Our finding that symbionts and hosts exhibit concordant subdivision between geographic subpopulations is surprising in light of the genealogical discordance seen within subpopulations. Symbiont geographic subdivision mirrors that of mitochondria for three possible reasons, although other explanations may exist. First, symbionts and hosts may have identical dispersal patterns. However, this seems unlikely because S. velum has large dense eggs and no free-swimming stage (Gustafson and Lutz, 1992), while the bacteria should experience fewer dispersal barriers outside of their host. Second, symbiont and host populations may be genetically subdivided because they are locally adapted. Although local adaptation may play an important role, we would expect to observe the effects of local adaptation in a subset of genealogies, not genome-wide as seen in our data. Third, symbiont reproduction is tied to the host. We favor this explanation because in an environmental qPCR survey that included controls for symbiont detection threshold, symbionts were detected at only 3.65±9.38 × 103 copies per g sediment and 0.14±0.24 × 10−1 copies per ml seawater. These amounts are five orders of magnitude lower than total eubacterial 16S counts, which were 3.57±3.91 × 108 copies per g sediment and 8.54±0.12 × 104 copies per ml seawater. Furthermore, S. velum mitochondrial sequences were also detected in the majority of sediment samples, and at 4.17±7.80 × 103 copies per g of sediment, were present at a similar abundance, indicating that at least some of the symbionts arose from host tissues (Russell, 2016). Taken together, this suggests that symbiont reproduction occurs primarily within hosts and that horizontal transmission occurs between contemporary hosts within a geographic subpopulation.

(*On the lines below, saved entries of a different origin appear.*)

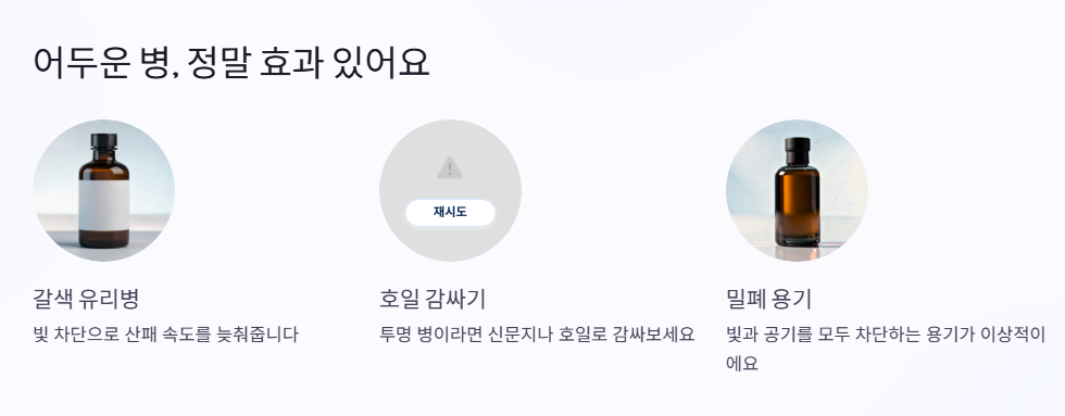 빛 차단이 어느 정도 되기 때문에, 실온 보관을 하더라도 갈색 병은 산패 속도를 늦추는 데 도움이 돼요. 집에서 보관할 때도 만약 투명 병이라면, 신문지나 호일로 감싸두는 것도 하나의 방법이 될 수 있어요.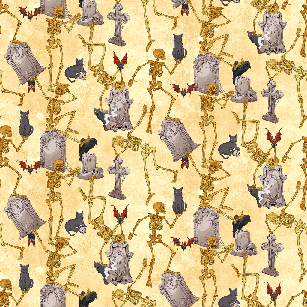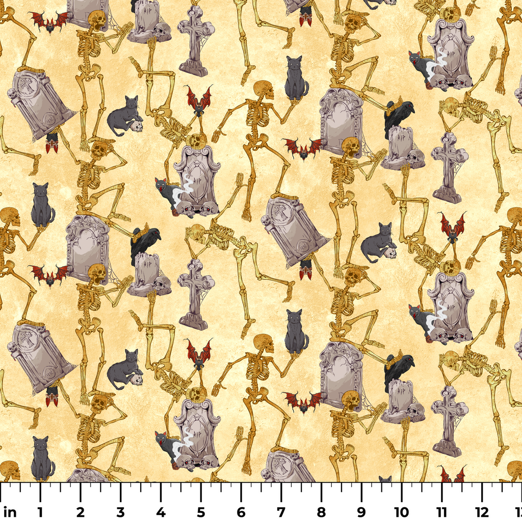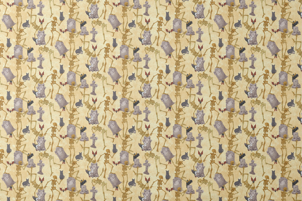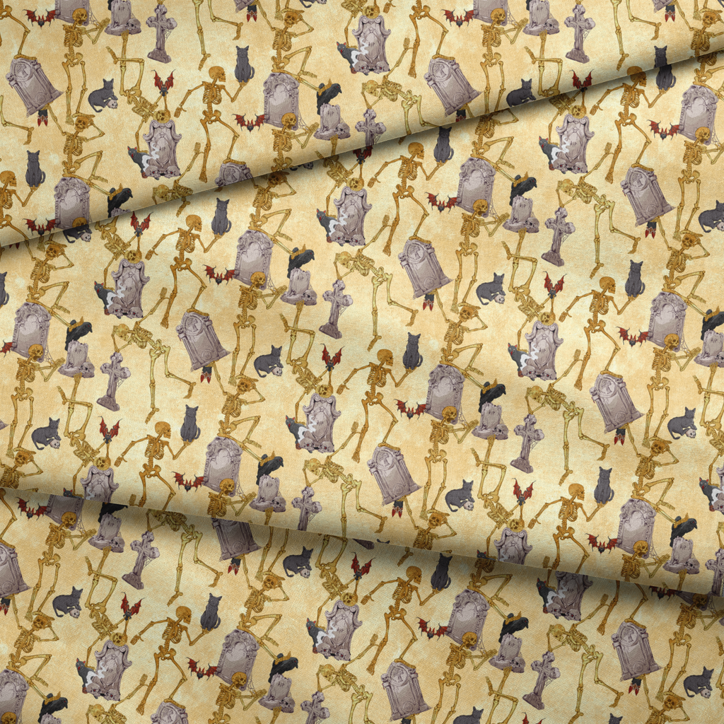 Spooky Halloween fabric featuring dancing skeletons, gray tombstones, and cats on a cream background. Perfect for haunting holiday decorations and gothic crafts.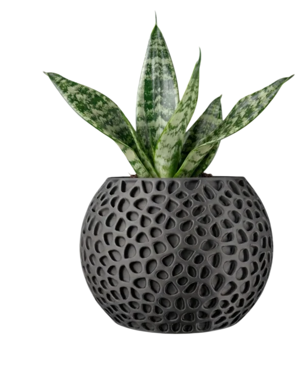 La Maceta Voro no es solo un contenedor para tus plantas, es una pieza de diseño digital que aporta sofisticación y modernidad a cualquier espacio. Su patrón exterior, inspirado en las estructuras geométricas de la naturaleza, crea un juego visual de luces y sombras que cambia según el ángulo desde el que se mire,  diseñada para quienes buscan exclusividad en cada rincón.

The strong geographic subdivision among hosts and symbionts may be due to factors occurring on different timescales, and can obscure evidence of horizontal transmission. In geological time, southern populations (for example, NC) may have persisted as refugia during periods of glaciation and upon glacier retreat, reseeded the populations in the north (Hewitt, 1996). This works in conjunction with broadcast spawning, which can be described as ‘sweepstakes-style recruitment' (Eldon and Wakeley, 2009), to produce subpopulations composed of related individuals. These possible scenarios raise crucial considerations for existing practices for characterizing symbiont transmission modes. Specifically, tests of co-speciation may falsely support strict vertical transmission when only a few individuals are sampled from diverse geographic subpopulations. We therefore emphasize the need for ample sampling of hosts and symbionts when determining transmission modes using genetic data.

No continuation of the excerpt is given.